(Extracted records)
_____

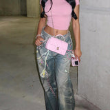 Denim Print Pants
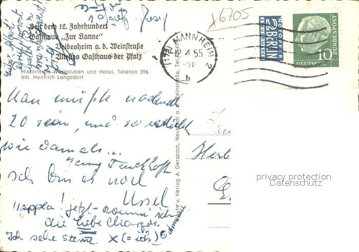 41793393 alte Postkarte Deidesheim Gasthaus zur Kanne Speisesaal postalisch gelaufen Erhaltung siehe scans KatCode: 11110007332009
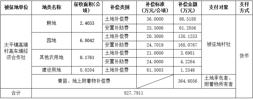 (二)本次征收土地所涉及的被安置农业人员由广州市从化区太平镇高埔村高车埔经济合作社以货币补偿等形式安置。
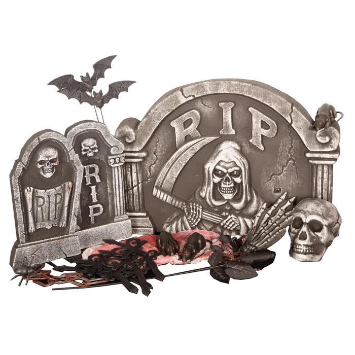 Pierre tombale en polystyrène hauteur 93cm avec bougies qui s'allument (piles non fournies)
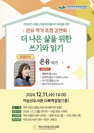 강연회 참여를 희망하는 시민과 시립도서관 독서동아리 회원은 12월 2일 오전 9시부터 여수시립도서관 누리집 문화 프로그램에서 신청하면 된다.
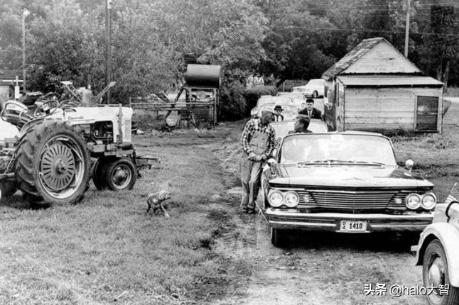 1960年9月22日,爱荷华州道奇堡的一个农场,肯尼迪靠在车旁和农夫詹姆斯.考克斯交谈。

_____

What this task involves => Reproduce the data above without a single change, please, but without its pictures.

Exercise output =>
 Denim Print Pants
 41793393 alte Postkarte Deidesheim Gasthaus zur Kanne Speisesaal postalisch gelaufen Erhaltung siehe scans KatCode: 11110007332009
 (二)本次征收土地所涉及的被安置农业人员由广州市从化区太平镇高埔村高车埔经济合作社以货币补偿等形式安置。
 Pierre tombale en polystyrène hauteur 93cm avec bougies qui s'allument (piles non fournies)
 강연회 참여를 희망하는 시민과 시립도서관 독서동아리 회원은 12월 2일 오전 9시부터 여수시립도서관 누리집 문화 프로그램에서 신청하면 된다.
 1960年9月22日,爱荷华州道奇堡的一个农场,肯尼迪靠在车旁和农夫詹姆斯.考克斯交谈。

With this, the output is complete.